If you are curious to learn more about message queues, here are a few articles that we find useful:
We’ve outlined in more details how the summarization requests will reach the summarization service by using a message queue. What we are still missing is how we will store the inputs and outputs and how will the front-end clients retrieve the summaries.
It was already discussed before that we should be fine with using a standard relational database for this. We expect to have at most 12 million incoming requests per year. The total size of the database won’t be trivial but the number of records in it will be pretty modest to allow for efficient querying.
This means that each summarization service instance could write its result to the database once it’s ready with the work. This would mean that we have multiple instances writing to this database because we plan to have multiple summarization workers handling requests. This should be fine as long as we don’t have too many such workers, which occupy all available connections to the database. With the expected load we should not be in such a situation any time soon.
An alternative would be to let the workers write their results to another message queue, which is then processed by one or more workers. The job of these additional workers would be to pull summarization results from the queue and store them in the database. This is a possible solution but in our case it’s not really necessary to implement.
Once the results are in the database our front-end clients could use some mechanism that allows them to display these results to the customer who requested them. We will not get into more details about how exactly this will happen because it falls outside the scope of this system design exercise.

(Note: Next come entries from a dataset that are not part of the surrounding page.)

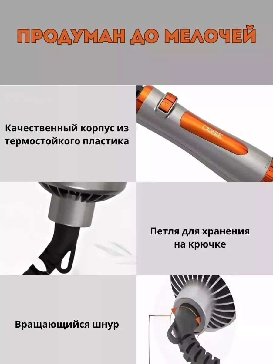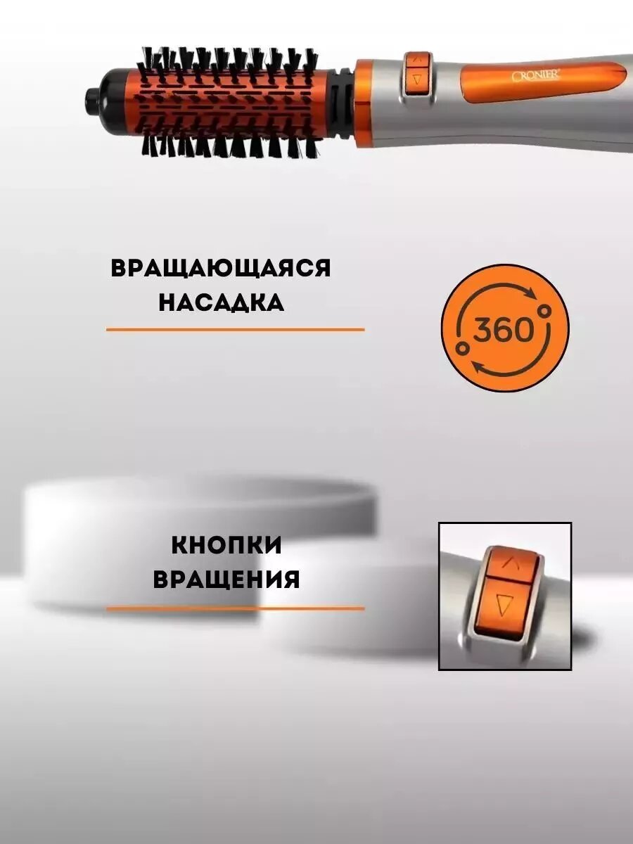 Фен - Щетка для волос CR-6855 профессиональная вращающаяся 1200Вт в комплекте 2 насадок интересное:
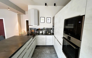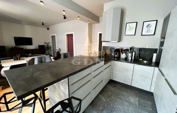 -Nappali: Beépített, modern, teljesen felszerelt konyhával. Tágas és világos, ideális családi összejövetelekhez.
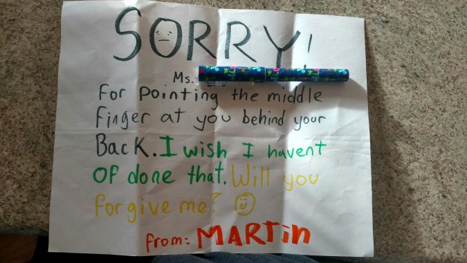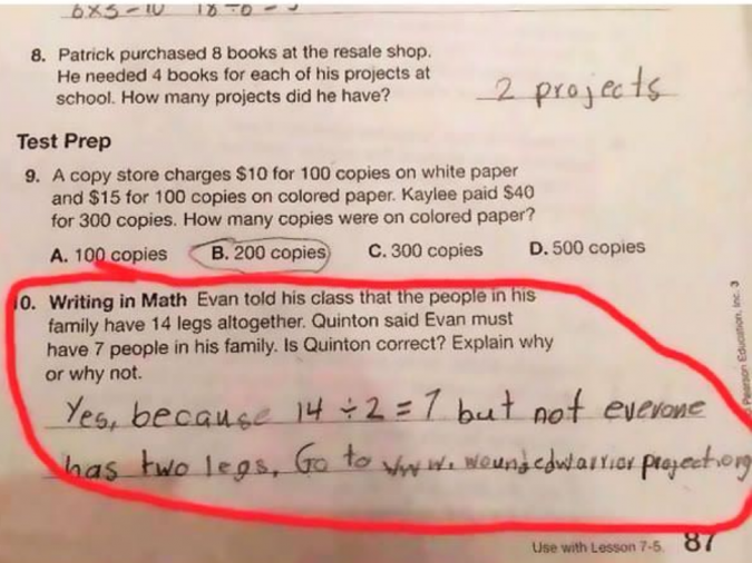 OK, so maybe this kid isn’t exactly following the spirit of the spelling test.
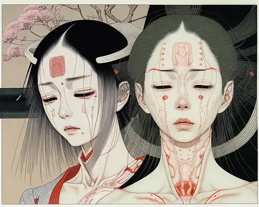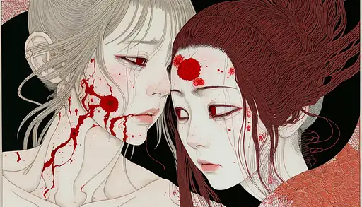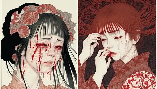 over 1 year ago a single Woman crying blood, artwork by Takato Yamamoto and Chika Yamada, very detailed, surrealist art by takato yamamoto 7b8defd0a20 0 32
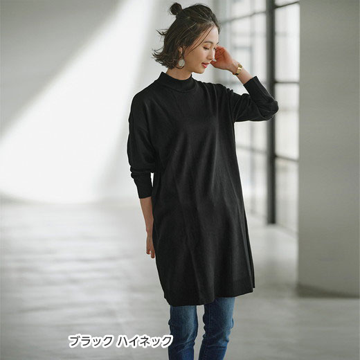 チュニック 【選べるネック】洗える!カシミヤタッチニットチュニックワンピース(M〜3L) 30代 Ranan ラナン ベルーナ レディース 春 春服 トップス
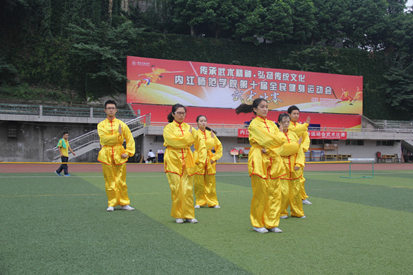 2017年6月3日上午8时,内江师范学院第十届全民健身运动会武术比赛在田径场隆重举行。在内江师范学院学工部副部长商林威宣布开幕后,我院武术方队精神抖擞、意气风发。我院学子将本着赛出风格、赛出水平、赛出精神的原则,尽显我院学子的精神风貌。
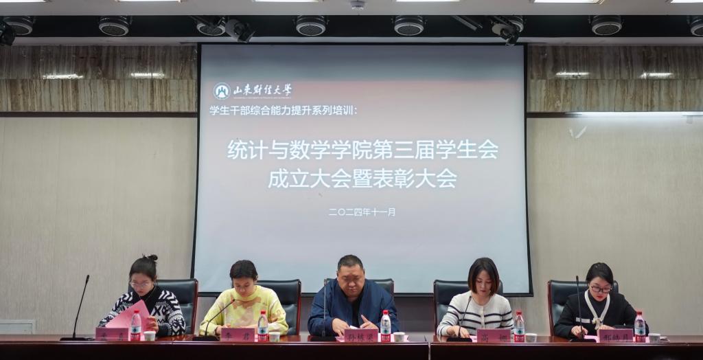 11月21日下午,统计与数学学院第三届学生会成立大会暨表彰大会在圣井校区5106教室隆重举行。我院党委副书记孙栋梁、圣井校区辅导员出席本次大会,第三届学生会成员和各年级学生干部参加。
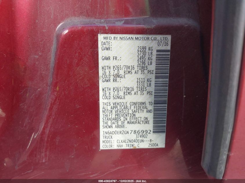 2016 NISSAN FRONTIER 2016 року Бензин, 4.0, , vin - 1N6AD0ER2GN786992 з США
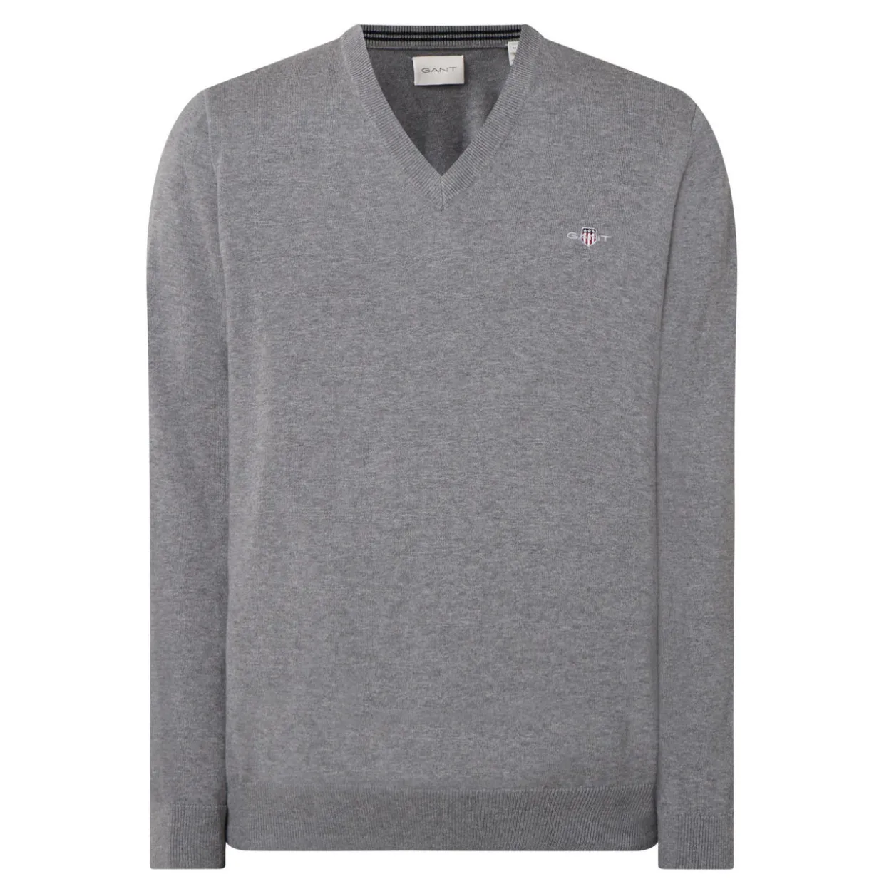 - V-neckline, ribbed trims, straight hemline, fine knit structure, embroidered shield logo detail
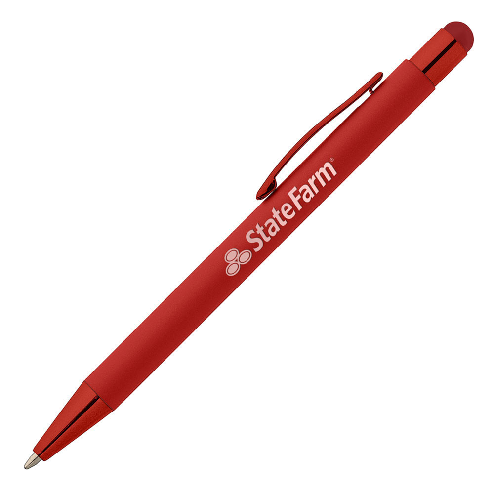 Red Monochrome Stylus Pen with Lasered State Farm Logo.
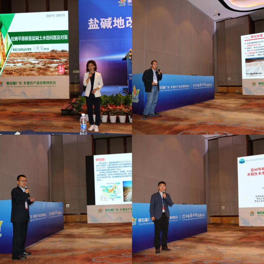 在平行论坛“盐碱地改良及海水稻生态调控”论坛上,我院耕作栽培研究所刘猷红、董文军、姜树坤,土壤环境与肥料研究所王秋菊四位青年才俊分别做了题为《播期调控对寒地粳稻产量和品质的影响》、《秸秆还田下不同搅浆、耕作技术对水稻秸秆腐解规律和碱土肥力的影响》、《松嫩平原新垦盐碱土稻田问题及对策》和《近六十年松嫩平原盐碱地区域水稻生长季的气候资源时空变化》的报告,受到了现场专家及与会代表的一致好评。
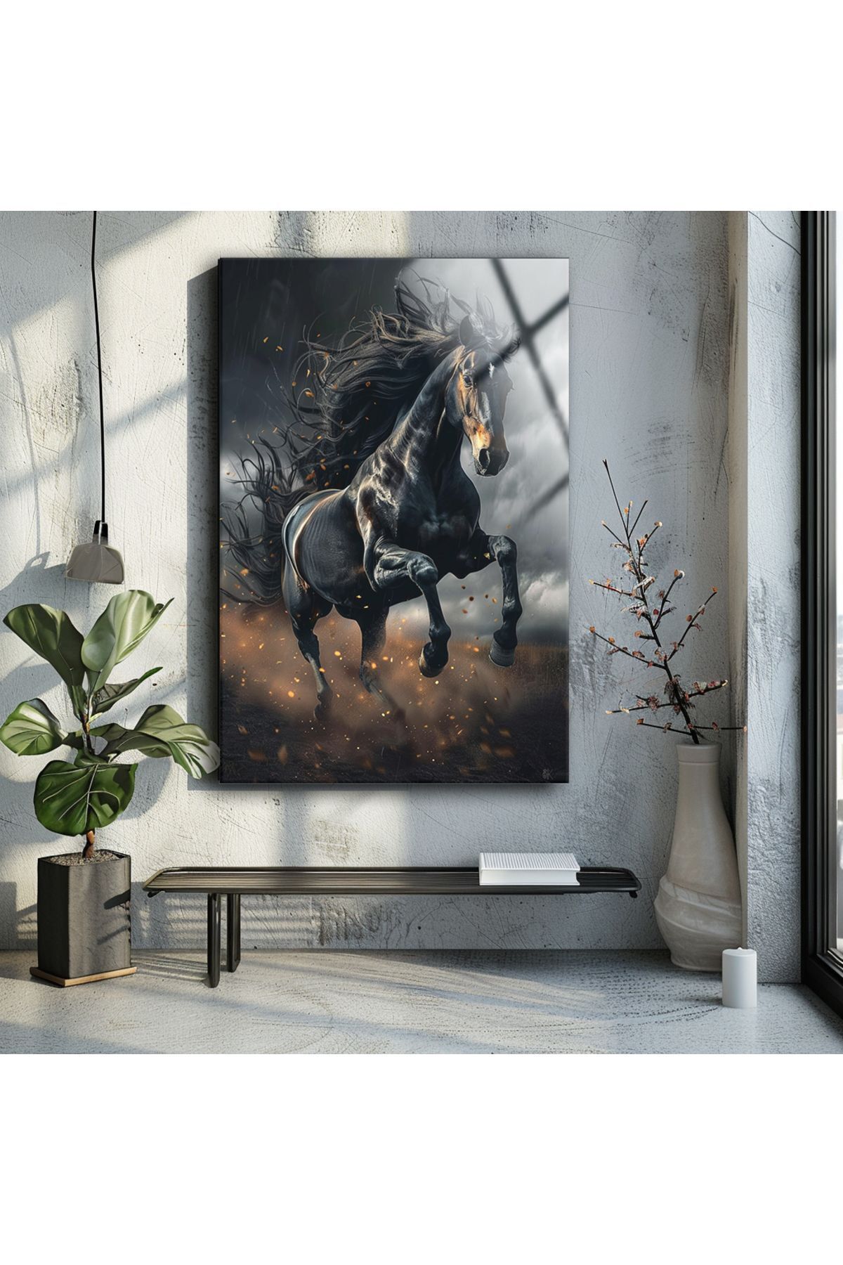 Siyah At Tablosu , Modern Duvar Dekoru , Temperli Cam Tablo , Cam Baskı , Duvar Tablosu Siyah At Tablosu , Modern Duvar Dekoru , Temperli Cam Tablo , Cam Baskı , Duvar Tablosu evlikaasvat4 105 x 70
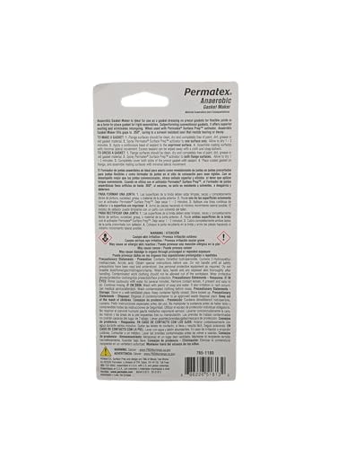 Permatex Anaerobic Gasket Maker is designed primarily for use on aluminum, iron, and steel flanged mating surfaces. This non-corrosive gasketing material is ideal for on-the-spot and emergency repairs, or when a conventional gasket is unavailable. Fills gaps up to .015 inches and cures to a solvent-resistant seal that will not tear or decay during service. Parts disassemble easily even after extended service and old gasket material can be removed in minutes with a simple putty knife. Suggested applications include water pumps, thermostat housings, transmission pans, transmission case covers, transaxle casings, and o-ring replacement.

To finalize all that, here is the diagram with all the moving parts of our design. It should be able to scale well for the expected load and to allow to handle even more load. It should also be robust enough to let us deal with unexpected problems. As it usually is with system design interviews, it’s most likely possible to find flaws in this design. After all, we are supposed to come up with it within the matter of 30-40 minutes. The important thing is that it gives a solid base for a system that should work well in production and is detailed enough.